[Records excerpted from a collection]
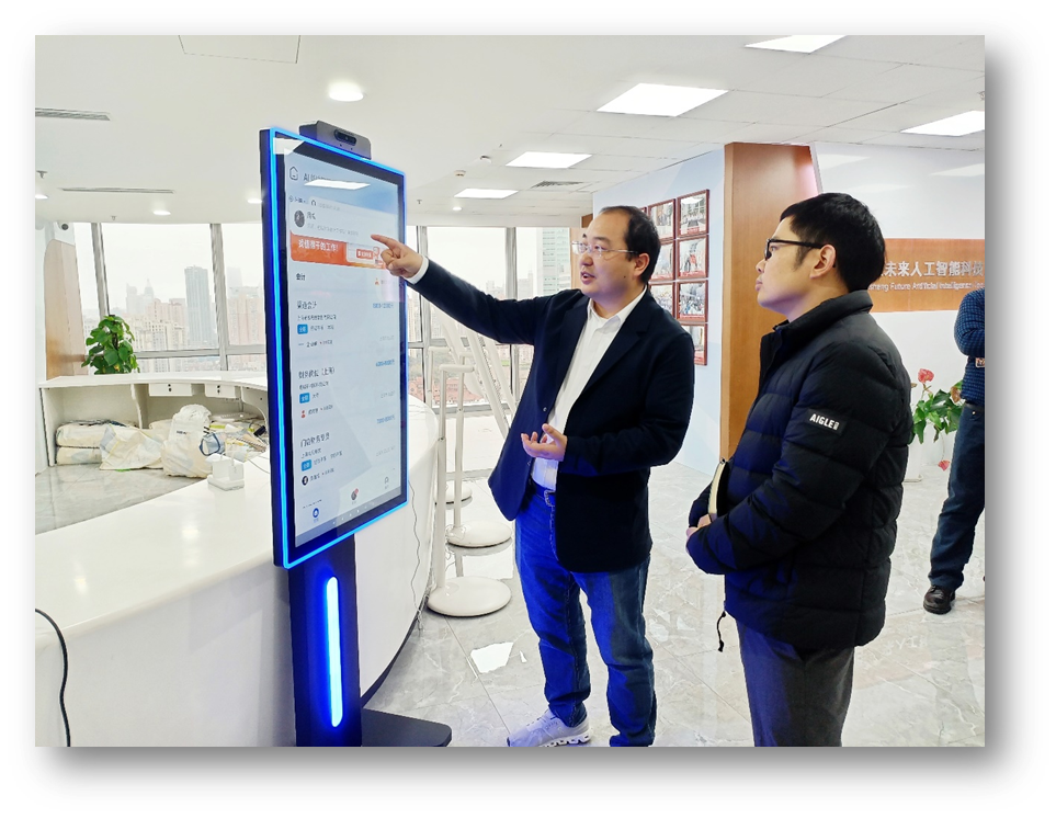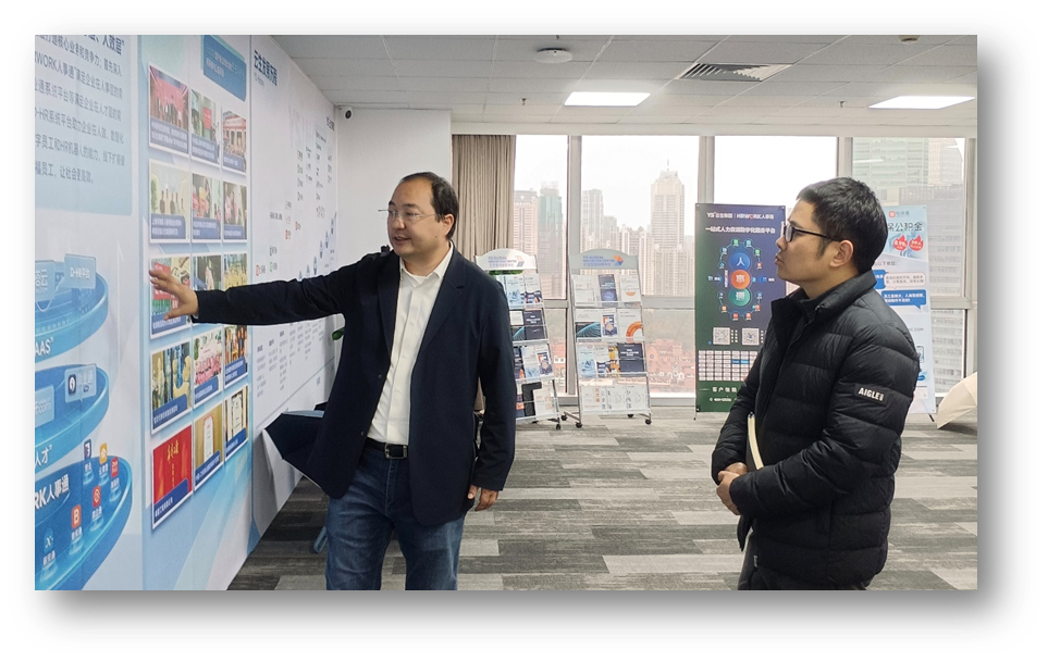 李贤威带领领导一行参观了云生全球创新中心,详细介绍了云生集团的经营发展概况、核心业务优势、科技创新成果等。互动展厅内,李贤威向领导一行演示介绍了云生AI智能体产品在人才招聘、政策咨询、合规管理等人力资源服务场景中的应用,重点讲解了云生集团如何通过AI数字员工和HR智能体为企业提供全生命周期人力资源数字化服务。李贤威表示,云生集团深耕人力资源领域十余年,以“人事、人才、人效”为核心脉络,在AI赋能人力资源的道路上持续探索创新,助力企业提质降本增效。
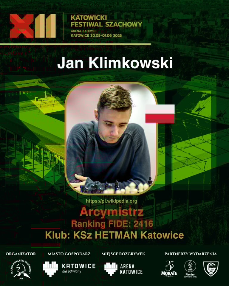 Kończymy naszą serię prezentacji zawodników XII Katowickiego Festiwalu Szachowego! Ostatnim przedstawianym przez nas szachistą jest niezwykle utalentowany GM Jan Klimkowski! Jan to jeden z najmłodszych arcymistrzów w historii Polski, zawodnik Hetmana GKS Katowice, który mimo młodego wieku ma już na koncie mnóstwo sukcesów!
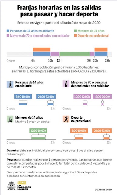 Según ha indicado el Gobierno de España, desde el 2 de mayo entró en vigor la nueva normativa con franjas horarias en las salidas para pasear y hacer deporte, en el caso de municipios de más de 5.000 habitantes.
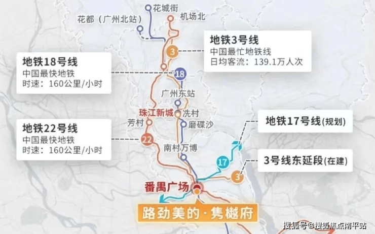 项目距离最近的地铁站3号线番禺广场站约800-900米左右,在这里有4条地铁交汇,分别为18-22-3号线,还有规划中的17号线,去珠江新城、琶洲都是直达过去。
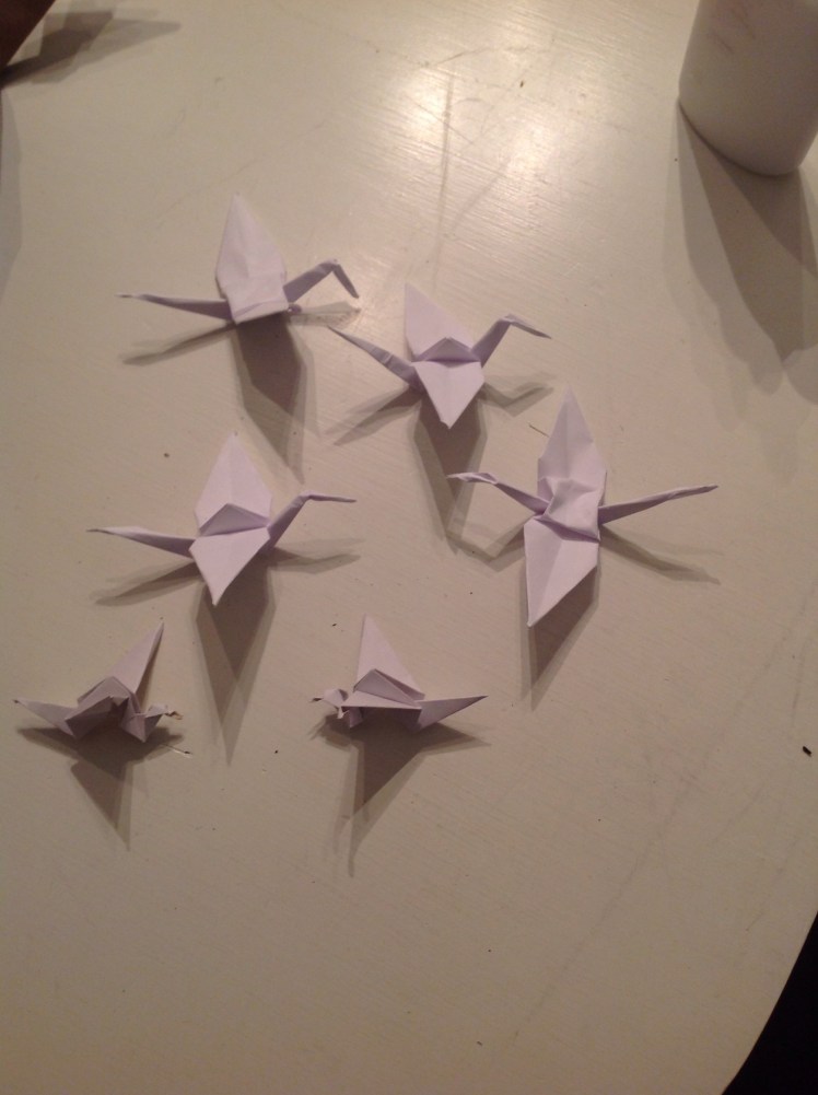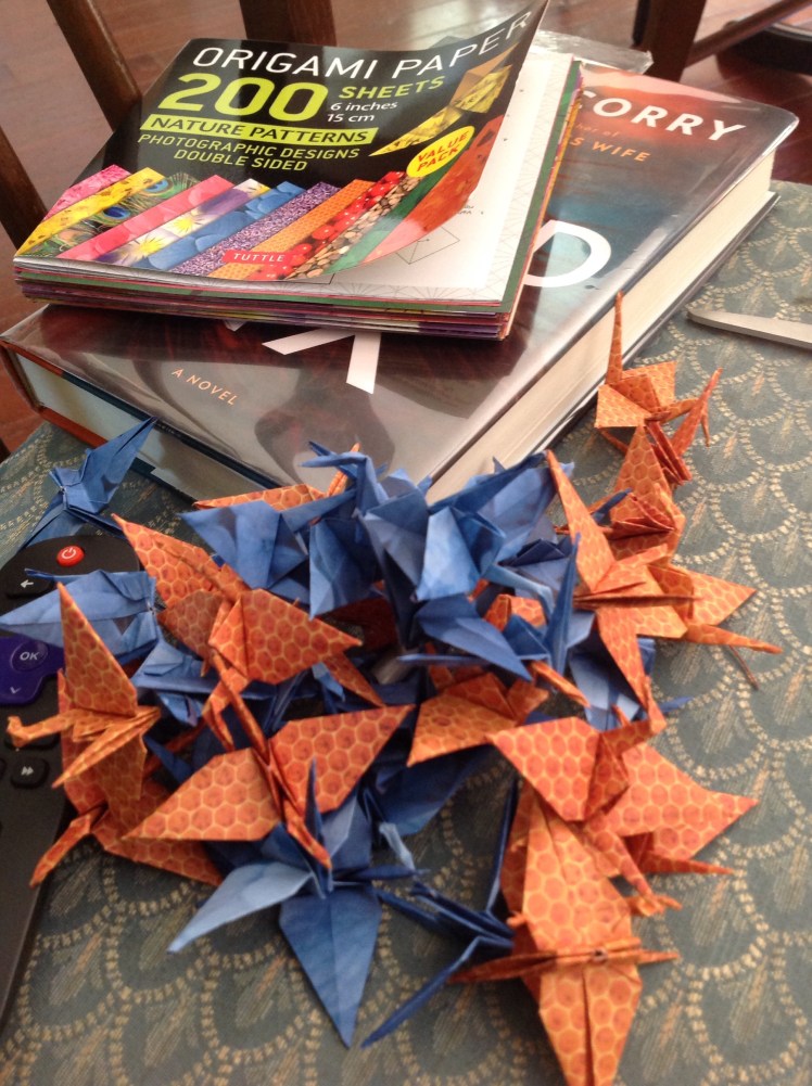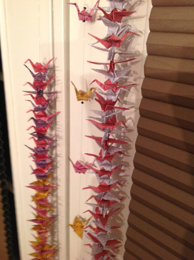 If you want to try folding cranes, don’t be discouraged if you don’t have the time or patience to fold 1000. Many people use far less than 1000. Some people just buy them already folded….but where’s the fun in that? And believe it or not, they are not cheap! Check it out on line and see what I mean!

▶ Problem to work on
Please copy exactly the lines from the one containing "Kończymy naszą serię" through the end of the records above, leaving out every picture.

▶ Solution to this task
 Kończymy naszą serię prezentacji zawodników XII Katowickiego Festiwalu Szachowego! Ostatnim przedstawianym przez nas szachistą jest niezwykle utalentowany GM Jan Klimkowski! Jan to jeden z najmłodszych arcymistrzów w historii Polski, zawodnik Hetmana GKS Katowice, który mimo młodego wieku ma już na koncie mnóstwo sukcesów!
 Según ha indicado el Gobierno de España, desde el 2 de mayo entró en vigor la nueva normativa con franjas horarias en las salidas para pasear y hacer deporte, en el caso de municipios de más de 5.000 habitantes.
 项目距离最近的地铁站3号线番禺广场站约800-900米左右,在这里有4条地铁交汇,分别为18-22-3号线,还有规划中的17号线,去珠江新城、琶洲都是直达过去。
 If you want to try folding cranes, don’t be discouraged if you don’t have the time or patience to fold 1000. Many people use far less than 1000. Some people just buy them already folded….but where’s the fun in that? And believe it or not, they are not cheap! Check it out on line and see what I mean!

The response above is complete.